• [Task inputs]
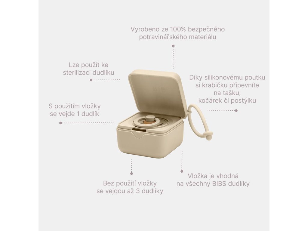 Krabička, box, pouzdro, obal, ... jednoduše pomocník, který ochrání dudlík před znečištěním, když ho zrovna nepotřebujete. No nejen to... BIBS krabička na dudlíky je zároveň i sterilizačním boxem na sterilizaci dudlíků v mikrovlnce nebo šikovnou krabičkou na jakékoli drobnosti, které chcete mít po ruce kdekoli jste. Jelikož je vyrobena z bezpečného potravinářského materiálu, je vhodná i jako dóza na drobný snack. Díky chytrému silikonovému poutku si BIBS krabičku na dudlíky připevníte na tašku, kočárek, ke postýlce, či autosedačce.
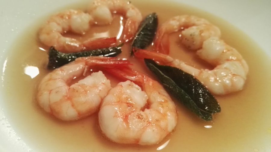 Mazzancolle sous vide, la loro bisque e la salvia fritta.
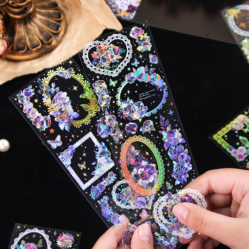 Shell light three-dimensional gilding hand account sticker rose love series ins retro romantic hemp laser gilding relief
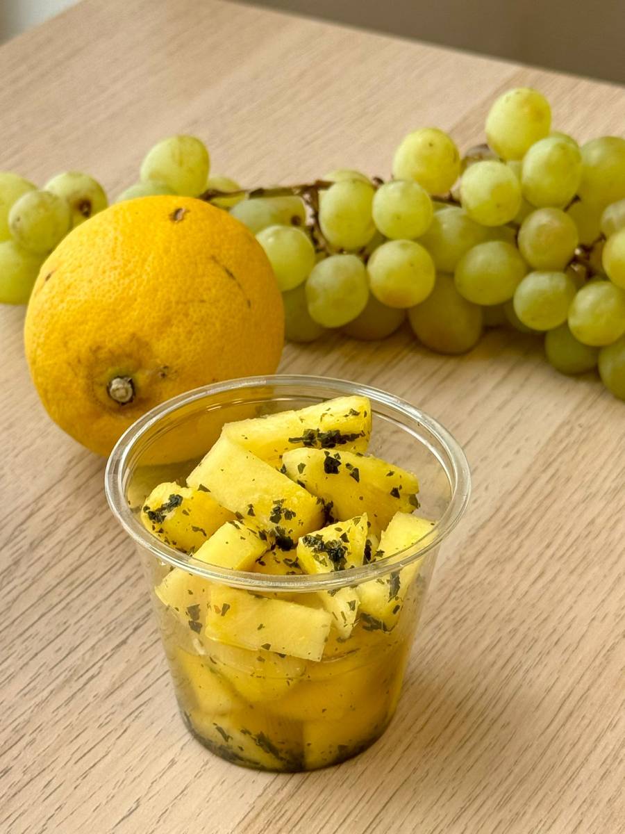 - Dessert : Verrine d'ananas au miel, citron et menthe
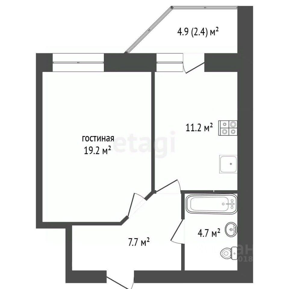 • Просторные 42,8 м² — хорошая площадь для однушки: есть где развернуться и создать уют
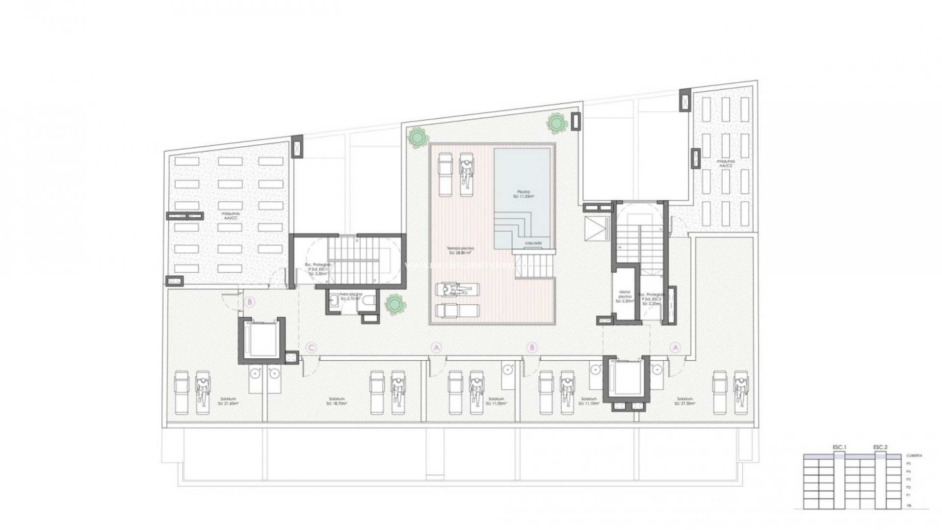 NÝBYGGÐAR ÍBÚÐIR OG ÞAÐHÚS Í TORREVIEJA Nýbyggð forréttindabygging aðeins 350 metra frá El Cura ströndinni í Torrevieja, sem býður upp á 29 íbúðir og þakíbúðir með 1 eða 2 svefnherbergjum og þaksundlaug. Njóttu sjávarútsýnis frá þakverönd þessarar nútímalegu byggingar, þar sem þú munt hafa aðgang að sundlaug með fossi og slökunarsvæði til að slaka á og nýta sólríka dagana sem best. Valfrjálst bílskúrsrými og geymsla gegn aukagjaldi. Íbúðirnar eru dreifðar frá jarðhæð til fimmtu hæðar. Allar íbúðir eru með notalegri verönd sem býður upp á fersku loft og sólarljós, þar sem þú getur slakað á og notið fyrsta kaffisopans á morgnana. Flestar íbúðirnar eru með 2 svefnherbergjum og 2 baðherbergjum, nema ein þakíbúðin sem er með 1 svefnherbergi og 1 baðherbergi. Öll eru með opinni hönnun með eldhúsum sem eru samþætt í rúmgóðu stofu/borðstofu, auk bjartar innréttingar og glerbeygjur. Torrevieja er spænskur bær í Alicante-héraði á Costa Blanca. Það er þekkt fyrir venjulega Miðjarðarhafsloftslag og strandlengju. Það hefur göngustíga með úrræði meðfram sandströndunum. Hið litla Safn hafs og salts hýsir sýningar um veiði- og saltsögu borgarinnar. Að innan er Lagunas de La Mata-Torrevieja náttúrugarðurinn með gönguleiðum og tveimur söltum lónum, annað bleikt og hitt grænt. Alicante flugvöllur staðsettur í 40 mínútna fjarlægð og Murcia flugvöllur í um 1 klukkustundar fjarlægð.
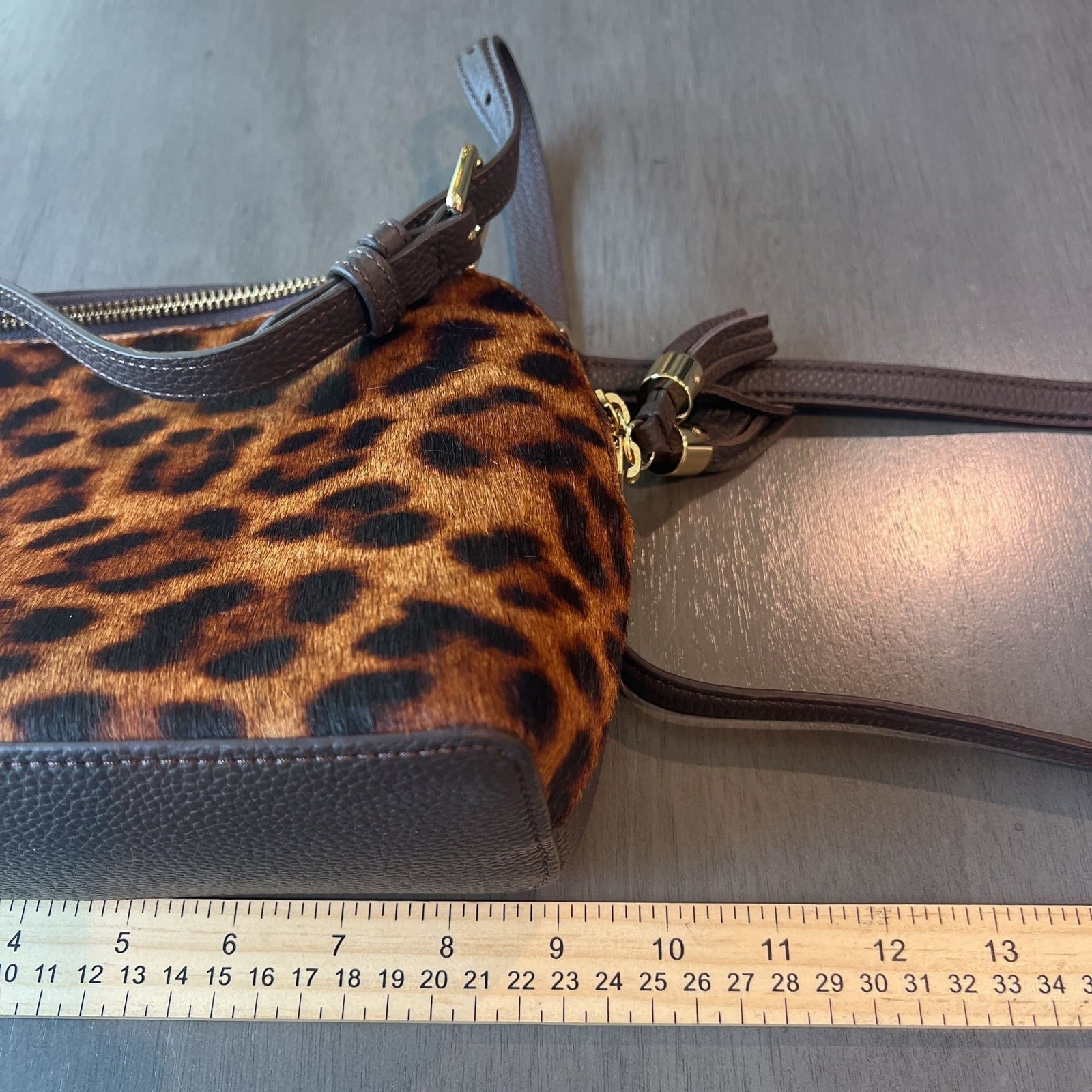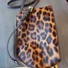 Talbots Leopard Print Calf Hair and Leather Crossbody Bag. This chic accessory features a genuine calf hair front with a bold animal print and a textured pebble leather back and bottom. Features: - Adjustable leather crossbody strap - Gold-tone hardware accents - Top zip closure with leather tassel pull - Vibrant red fabric-lined interior - One interior zip pocket and one slip pocket - Exterior back slip pocket for easy access Condition: New without tag. Dimensions are approximately 8.5" L x 5.5" H x 3" D.
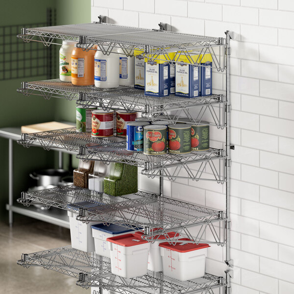 Make the most of your storage space with this Regency 4-level chrome wall-mount middle shelf post with double brackets for 24" deep shelves.
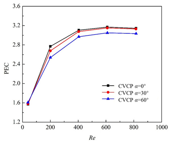 PEC curves of tubes with inserted CVCP with different α as a function of Reynolds number (y = 2).
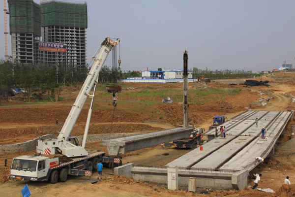 为确保今年9月入住新校区总体目标要求,该工程自11年10月开工建设以来,在指挥部基础设施建设办公室的精心组织下,承担工程建设的陕西建工集团机械施工有限公司,克服了雨水较多,施工道路不畅,场地交叉施工等不利因素,经过半年的奋战,于20日完成了最后一根预制大梁吊装,实现了桥梁主体工程合拢。为新校区校园道路及附属设施建设打下了坚实的基础。
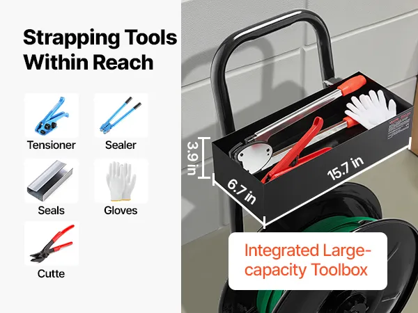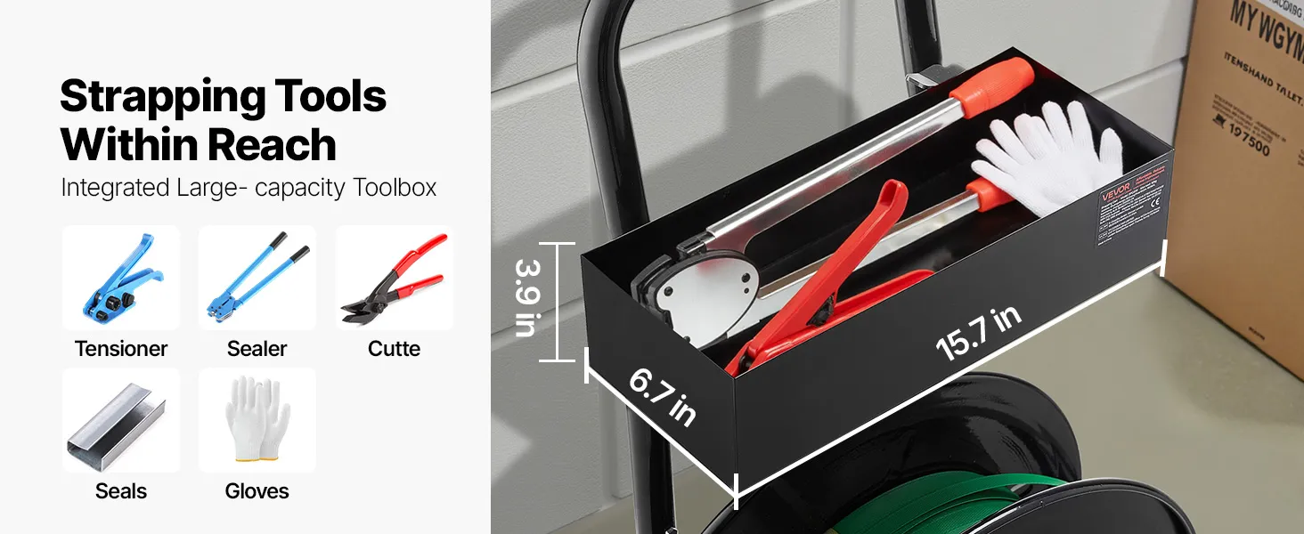 Convenient Tool Storage: Keep your strapping tools close by with a built-in toolbox. Greatly store your tensioners, cutters, and seals for easy access—no more time wasted searching
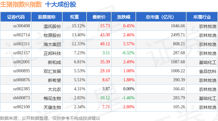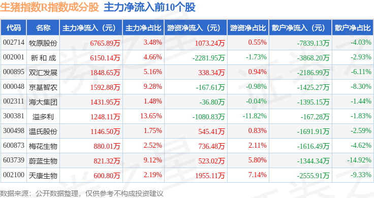 资金流向方面,生猪指数R(480073)指数成份股当日主力资金净流入合计1472.22万元,游资资金净流入合计1.96亿元,散户资金净流出合计2.11亿元。成份股资金流向详情见下表:
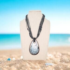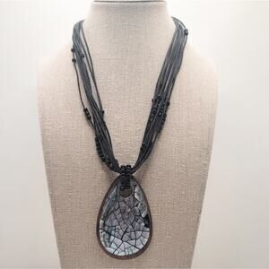 Jewelry beaded multi-strand necklace with abalone & wood mosaic teardrop pendant from Boutique
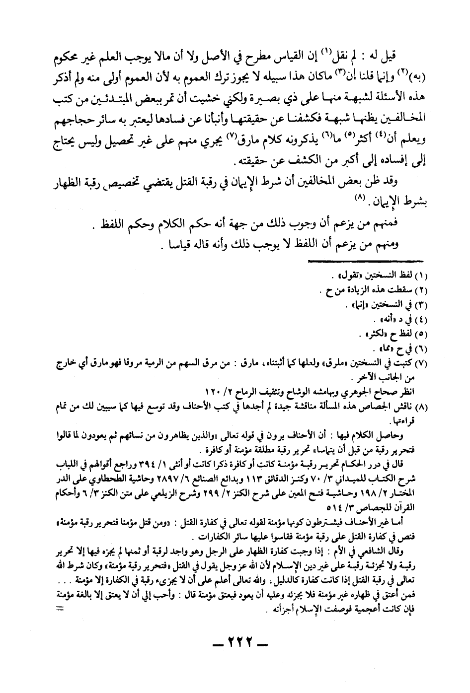 وَقَدْ ظَنَّ بَعْضُ الْمُخَالِفِينَ أَنَّ شَرْطَ الْإِيمَانِ فِي رَقَبَةِ الْقَتْلِ يَقْتَضِي تَخْصِيصَ رَقَبَةِ الظِّهَارِ بِشَرْطِ الْإِيمَانِ. فَمِنْهُمْ مَنْ يَزْعُمُ أَنَّ وُجُوبَ ذَلِكَ مِنْ جِهَةِ أَنَّهُ حُكْمُ الْكَلَامِ وَحُكْمُ اللَّفْظِ. وَمِنْهُمْ مَنْ يَزْعُمُ أَنَّ اللَّفْظَ لَا يُوجِبُ ذَلِكَ وَأَنَّهُ قَالَهُ قِيَاسًا.

• [Problem requirements]
An exact copy is needed of every line from the line containing "Make the most" to the last line of the records; pictures stay out of it.

• [Solution to this problem]
 Make the most of your storage space with this Regency 4-level chrome wall-mount middle shelf post with double brackets for 24" deep shelves.
 PEC curves of tubes with inserted CVCP with different α as a function of Reynolds number (y = 2).
 为确保今年9月入住新校区总体目标要求,该工程自11年10月开工建设以来,在指挥部基础设施建设办公室的精心组织下,承担工程建设的陕西建工集团机械施工有限公司,克服了雨水较多,施工道路不畅,场地交叉施工等不利因素,经过半年的奋战,于20日完成了最后一根预制大梁吊装,实现了桥梁主体工程合拢。为新校区校园道路及附属设施建设打下了坚实的基础。
 Convenient Tool Storage: Keep your strapping tools close by with a built-in toolbox. Greatly store your tensioners, cutters, and seals for easy access—no more time wasted searching
 资金流向方面,生猪指数R(480073)指数成份股当日主力资金净流入合计1472.22万元,游资资金净流入合计1.96亿元,散户资金净流出合计2.11亿元。成份股资金流向详情见下表:
 Jewelry beaded multi-strand necklace with abalone & wood mosaic teardrop pendant from Boutique
 وَقَدْ ظَنَّ بَعْضُ الْمُخَالِفِينَ أَنَّ شَرْطَ الْإِيمَانِ فِي رَقَبَةِ الْقَتْلِ يَقْتَضِي تَخْصِيصَ رَقَبَةِ الظِّهَارِ بِشَرْطِ الْإِيمَانِ. فَمِنْهُمْ مَنْ يَزْعُمُ أَنَّ وُجُوبَ ذَلِكَ مِنْ جِهَةِ أَنَّهُ حُكْمُ الْكَلَامِ وَحُكْمُ اللَّفْظِ. وَمِنْهُمْ مَنْ يَزْعُمُ أَنَّ اللَّفْظَ لَا يُوجِبُ ذَلِكَ وَأَنَّهُ قَالَهُ قِيَاسًا.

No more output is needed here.